I wouldn't recommend using regular expressions here. It's definitely not as intuitive as just iterating over each line after being split on whitespace, possibly rearranging the list, and finally joining. You can try something like this,
reordered_corpus = open('reordered_corpus.txt', 'w')
with open('corpus.txt', 'r') as corpus:
for phrase in corpus:
phrase = phrase.split() # split on whitespace
vb_index = rp_index = -1 # variables for the indices
for i, word_pos in enumerate(phrase):
pos = word_pos.split('_')[1] # POS at index 1 splitting on _
if pos == 'VB' or pos == 'VBZ': # can add more verb POS tags
vb_index = i
elif vb_index >= 0 and pos == 'RP': # or more particle POS tags
rp_index = i
break # found both so can stop
if vb_index >= 0 and rp_index >= 0: # do any rearranging
phrase = phrase[:vb_index+1] + [phrase[rp_index]] + \
phrase[vb_index+1:rp_index] + phrase[rp_index+1:]

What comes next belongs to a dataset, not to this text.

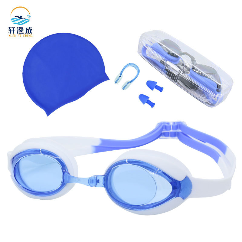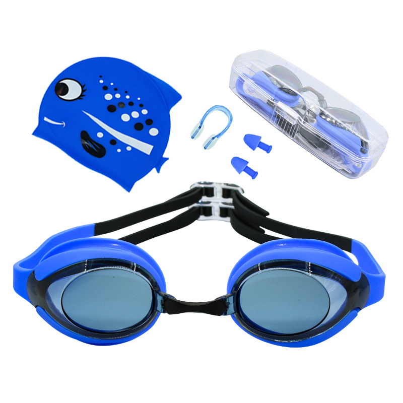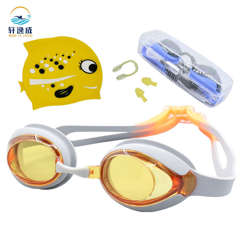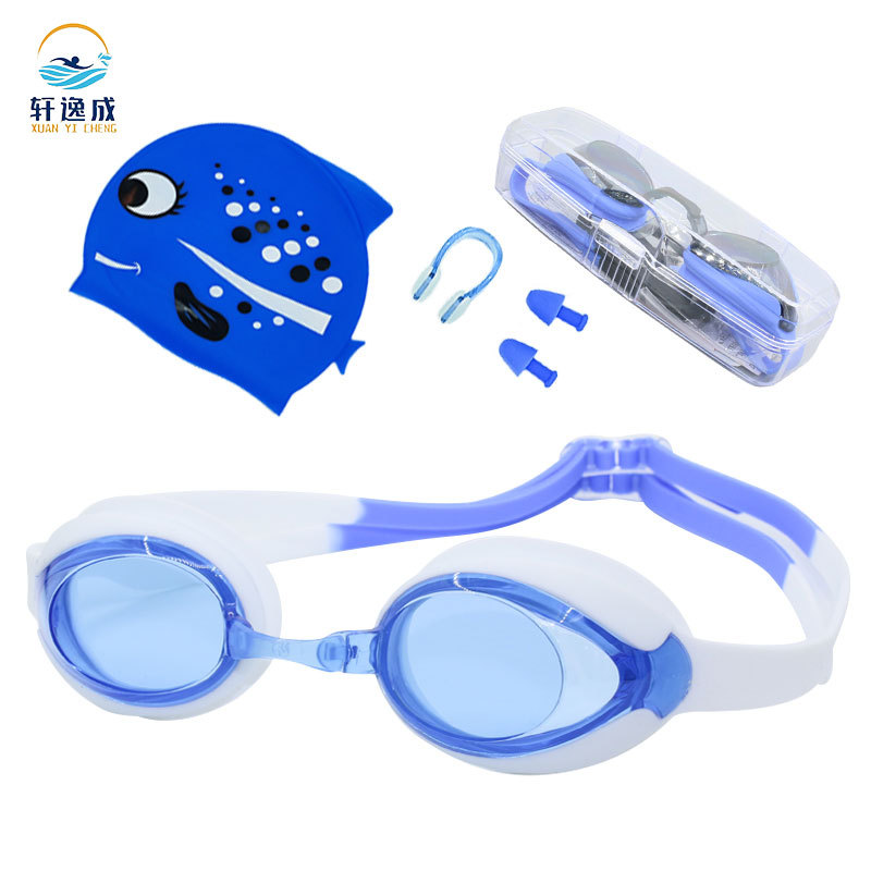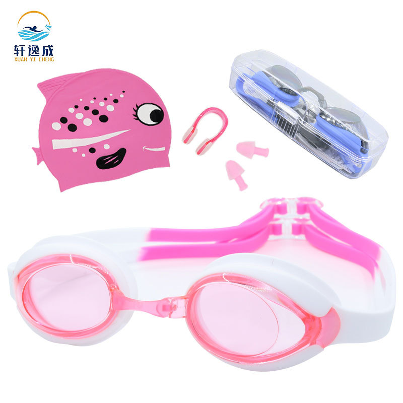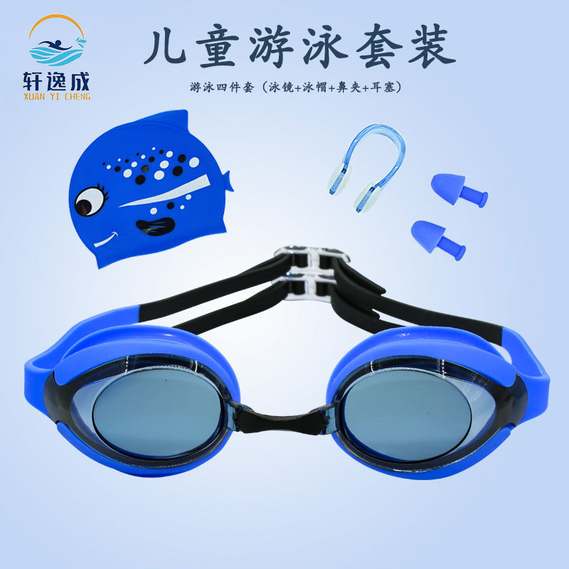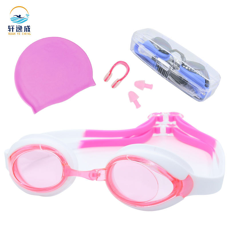 儿童泳镜泳帽套装 高清防水防雾泳镜鼻夹耳塞套装印LOGO 泳帽批发
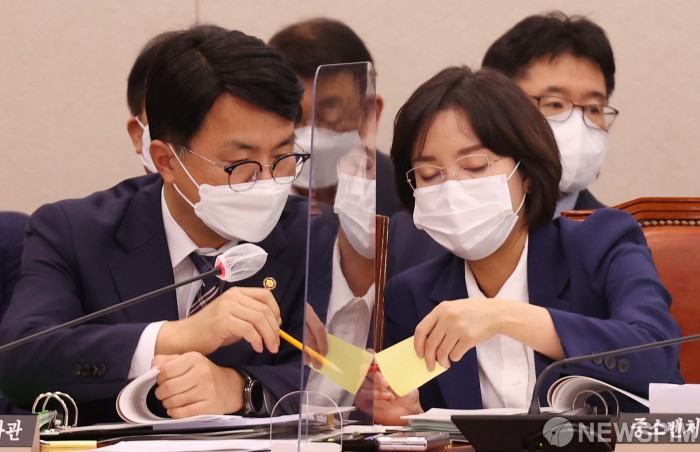[서울=뉴스핌] 최상수 기자 = 이영 중소벤처기업부 장관(오른쪽)과 조주현 중소벤처기업부 차관이 22일 오후 서울 여의도 국회에서 열린 산업통상자원중소벤처기업위원회 전체회의에 참석해 메모지를 보며 귀엣말을 하고 있다. (공동취재사진) 2022.08.22 photo@newspim.com

reordered_corpus.write(' '.join(word_pos for word_pos in phrase)+'\n')
reordered_corpus.close()
Using this code, if corpus.txt
reads,
you_PRP mean_VBP we_PRP should_MD kick_VB them_PRP out_RP ._.
don_VB 't_NNP take_VB it_PRP off_RP until_IN I_PRP say_VBP so_RB ._.
please_VB help_VB the_DT man_NN out_RP ._.
shut_VBZ it_PRP down_RP !_.
after running, reordered_corpus.txt
will be,
you_PRP mean_VBP we_PRP should_MD kick_VB out_RP them_PRP ._.
don_VB 't_NNP take_VB off_RP it_PRP until_IN I_PRP say_VBP so_RB ._.
please_VB help_VB out_RP the_DT man_NN ._.
shut_VBZ down_RP it_PRP !_.